Rush Limbaugh Children’s Books and Politics in the Classroom
When I was in sixth grade, my teacher would put Rush Limbaugh on the radio and sometimes we students would listen to it as part of our “current events” class. I don’t remember much about what we heard, except that I assumed Limbaugh was some kind of comedian. In the more than two decades since, Rush Limbaugh’s influence has grown and he has tried to branch out his “media empire,” most recently into children’s books.
According to The Atlantic, Limbaugh took a call on his show from a woman named Ivy who teaches third grade somewhere out in the heartland of America. What makes this call notable is that she praised Limbaugh for his books and explains how she uses his book about Pilgrims to introduce the Civil War.
Actually she just read the book to kids for fun, and only used the Author’s Note, which details Rush’s feelings on American exceptionalism, as a way to “introduce the Civil War because [Ivy and her class] were about to enter a discussion on the time when slavery existed in our country but because of what [Rush] said in the book and the way [he] explained the Founders’ passion for our country, it was because of that that slavery inevitably was abolished.”

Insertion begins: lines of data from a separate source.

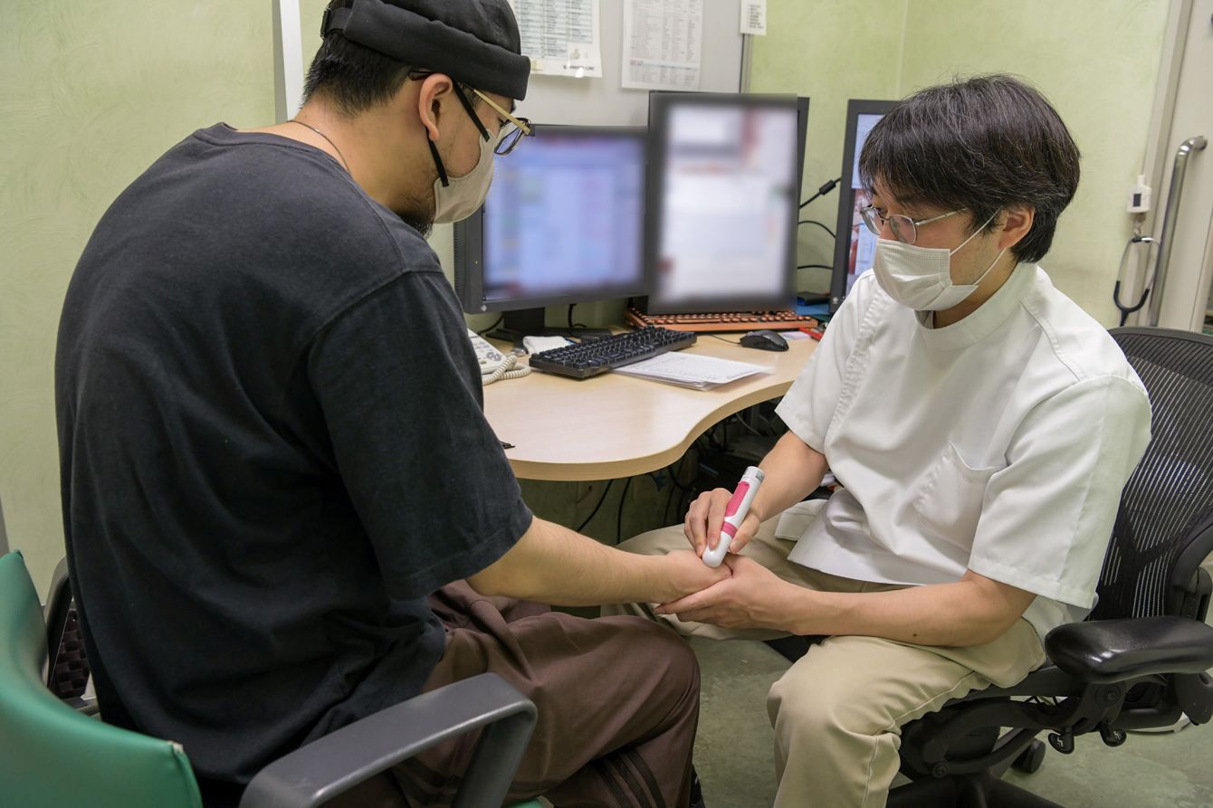 片山秋介さんの診察を行う、平畑光一医師(ヒラハタクリニック)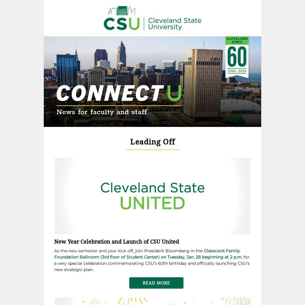 As the new semester and year kick off, join President Bloomberg in the Glasscock Family Foundation Ballroom (3rd floor of Student Center) on Tuesday, Jan. 28 beginning at 2 p.m. for a very special celebration commemorating CSU’s 60th birthday and officially launching CSU’s new strategic plan.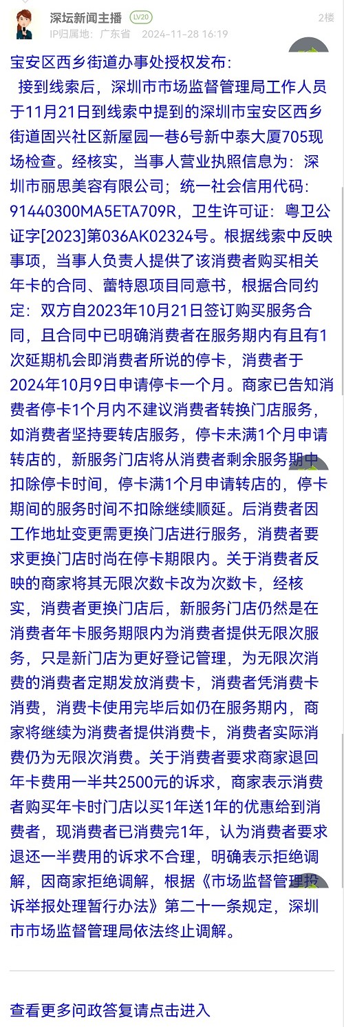 接到线索后,深圳市市场监督管理局工作人员于11月21日到线索中提到的深圳市宝安区西乡街道固兴社区新屋园一巷6号新中泰大厦705现场检查。经核实,当事人营业执照信息为:深圳市丽思美容有限公司;统一社会信用代码:91440300MA5ETA709R,卫生许可证:粤卫公证字[2023]第036AK02324号。根据线索中反映事项,当事人负责人提供了该消费者购买相关年卡的合同、蕾特恩项目同意书,根据合同约定:双方自2023年10月21日签订购买服务合同,且合同中已明确消费者在服务期内有且有1次延期机会即消费者所说的停卡,消费者于2024年10月9日申请停卡一个月。商家已告知消费者停卡1个月内不建议消费者转换门店服务,如消费者坚持要转店服务,停卡未满1个月申请转店的,新服务门店将从消费者剩余服务期中扣除停卡时间,停卡满1个月申请转店的,停卡期间的服务时间不扣除继续顺延。后消费者因工作地址变更需更换门店进行服务,消费者要求更换门店时尚在停卡期限内。关于消费者反映的商家将其无限次数卡改为次数卡,经核实,消费者更换门店后,新服务门店仍然是在消费者年卡服务期限内为消费者提供无限次服务,只是新门店为更好登记管理,为无限次消费的消费者定期发放消费卡,消费者凭消费卡消费,消费卡使用完毕后如仍在服务期内,商家将继续为消费者提供消费卡,消费者实际消费仍为无限次消费。关于消费者要求商家退回年卡费用一半共2500元的诉求,商家表示消费者购买年卡时门店以买1年送1年的优惠给到消费者,现消费者已消费完1年,认为消费者要求退还一半费用的诉求不合理,明确表示拒绝调解,因商家拒绝调解,根据《市场监督管理投诉举报处理暂行办法》第二十一条规定,深圳市市场监督管理局依法终止调解。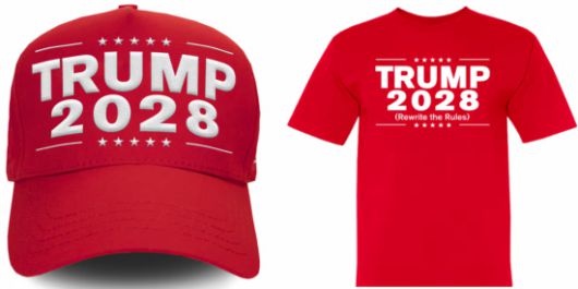 도널드 트럼프 미국 대통령이 3선 도전 가능성을 열어둔 발언을 이어가는 가운데, 트럼프 대통령 일가가 운영하는 공식 온라인 스토어에서 '트럼프 2028'이 적힌 모자와 티셔츠를 판매하기 시작해 논란이 일고 있다.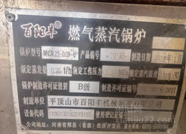 百阳丰燃气蒸汽锅炉,0.25t/h,0.09MPa,2019年11月产,B级,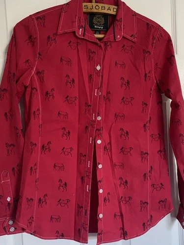 Toggi Stretch Ladies Fitted Horse Print Shirt Red Size 8 Used But Good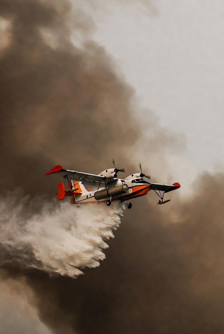 aerial, air tanker, aircraft, aviation, clouds, disaster response, emergency, firefighting aircraft, flying low, forest fire, orange plane, pontoon plane, seaplane, smoke, smoky sky, twin engine, water bomber, water drop, wildfire, firefighting plane
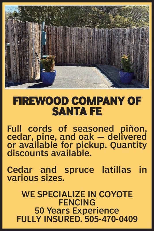 FIREWOOD COMPANY OF SANTA FEFull cords of seasoned piñon, cedar, pine, and oak — delivered or available for pickup. Quantity discounts available.Cedar and spruce latillas in various sizes.WE SPECIALIZE IN COYOTE FENCING50 Years Experience FULLY INSURED. 505-470-0409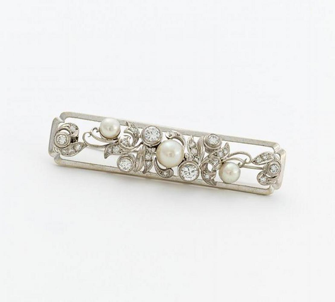 Florale Brosche mit Zuchtperl-Diamantbesatz.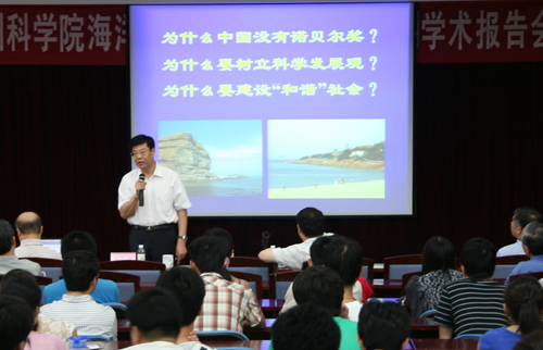 李乃勝副廳長以“為什么中國沒有諾貝爾獎?為什么要樹立科學發(fā)展觀?為什么要建設“和諧”社會?”三個為什么開篇,回顧了世界主要經(jīng)濟、科技中心的發(fā)展歷史,結(jié)合我國科學事業(yè)的發(fā)展進程、重要科技成果,從社會、人文環(huán)境,經(jīng)濟、政治等方面深刻闡述了科學技術(shù)在當今世界發(fā)展中不可代替的重要作用。同時,李乃勝副廳長祝賀海洋研究所即將迎來60周年華誕,祝愿海洋研究所為我國海洋科學事業(yè)做出更大貢獻。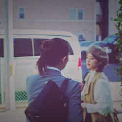 翡翠と刑事のやりとりを校舎の陰で聞いている絵里(星野真里)。慌てて絵里が去っていく。去っていく絵里を見遣り、これでいいの?という表情で、翡翠に向かって肩を竦める岩戸。敢えて聞こえるボリュームで会話をし、絵里がデジカメを探すよう誘導していた。「invert 城塚翡翠 倒叙集」第4話:翡翠と岩戸のメッセージのやりとり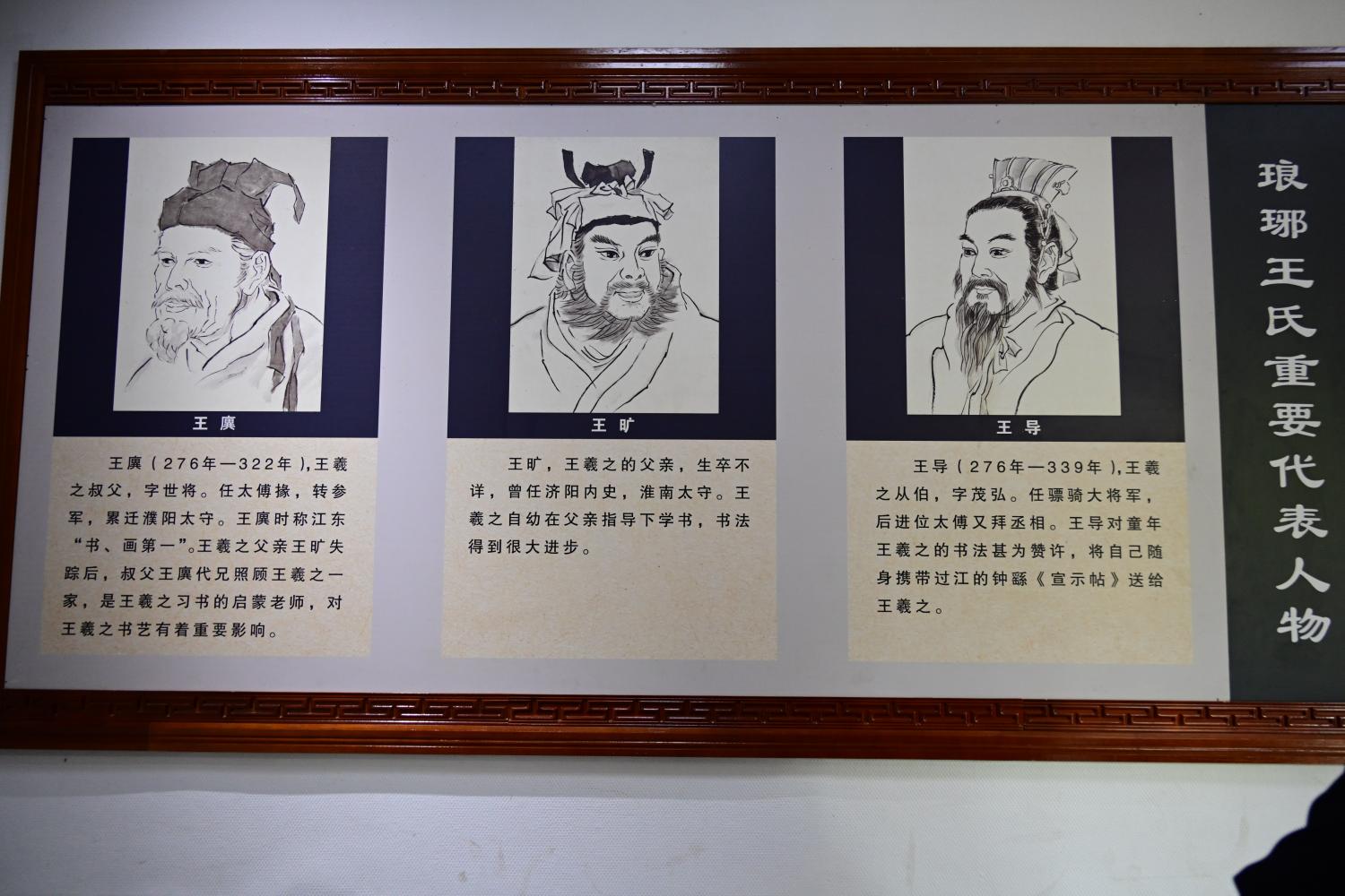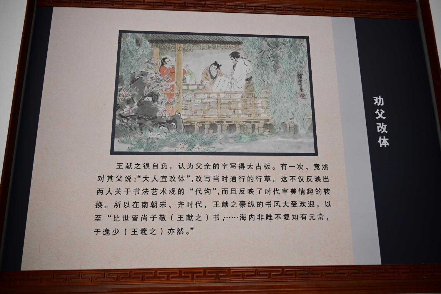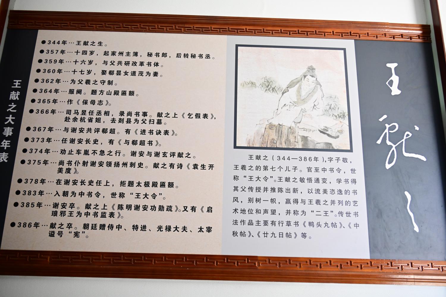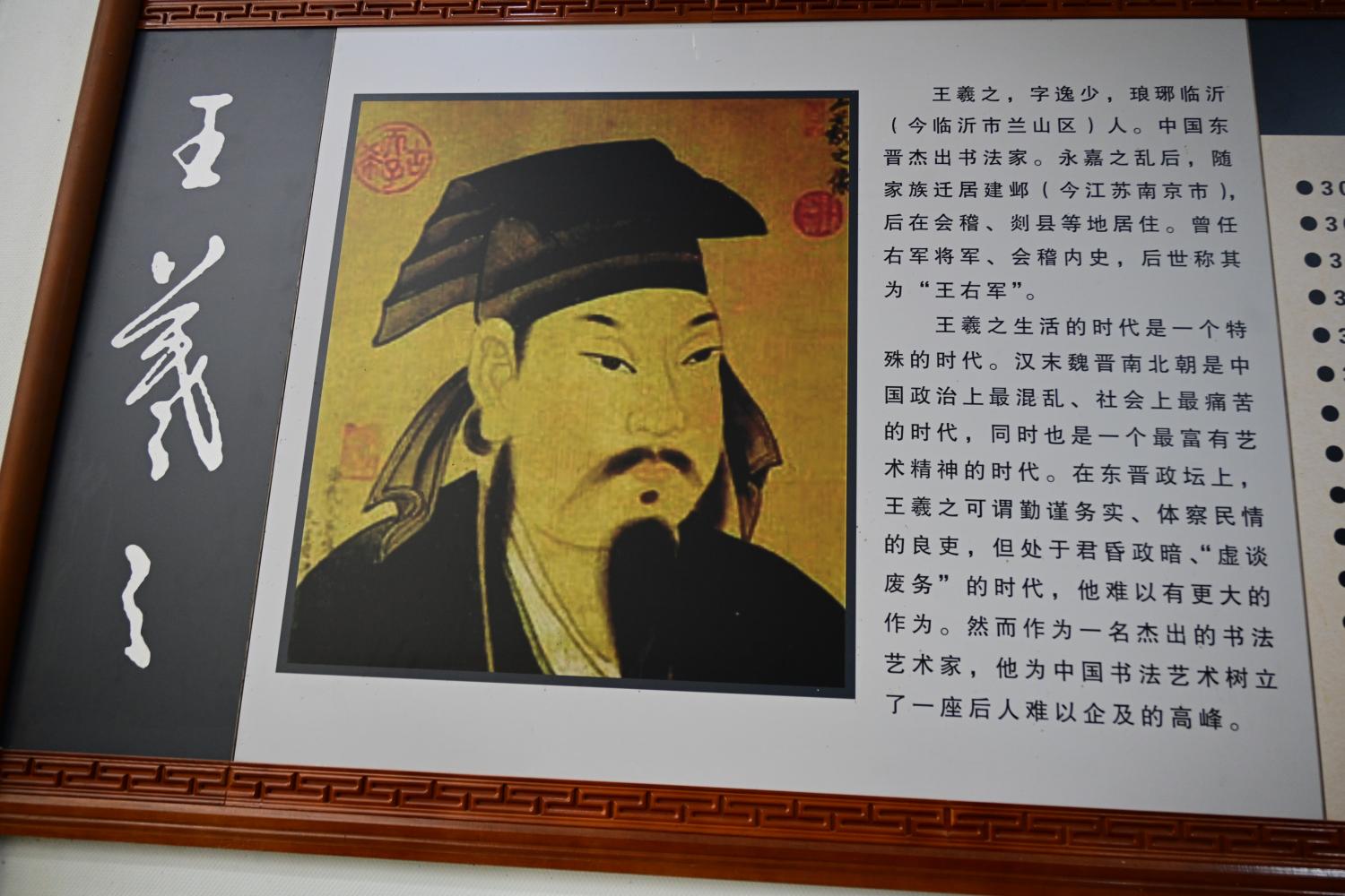 王羲之的人物生平简板上,介绍了王羲之的籍贯生平、时代际遇与历史成就,正本溯源书圣故里文脉,为游客完整游览故居做历史文化上的铺垫。

What’s troubling about this is that the Pilgrims had little to do with the founding of this country which had little to do with the eventual end of slavery. Teachers are people too, so they have every right to filter their worldview through the lens of their political ideologies. Yet, they have the trust of their students that what they teach in history or science is fact.
If Ivy taught tenth graders, perhaps this wouldn’t be such an egregious violation of that trust, because kids of a certain age are better equipped to understand the nuance of political belief. Third graders, on the other hand, aren’t.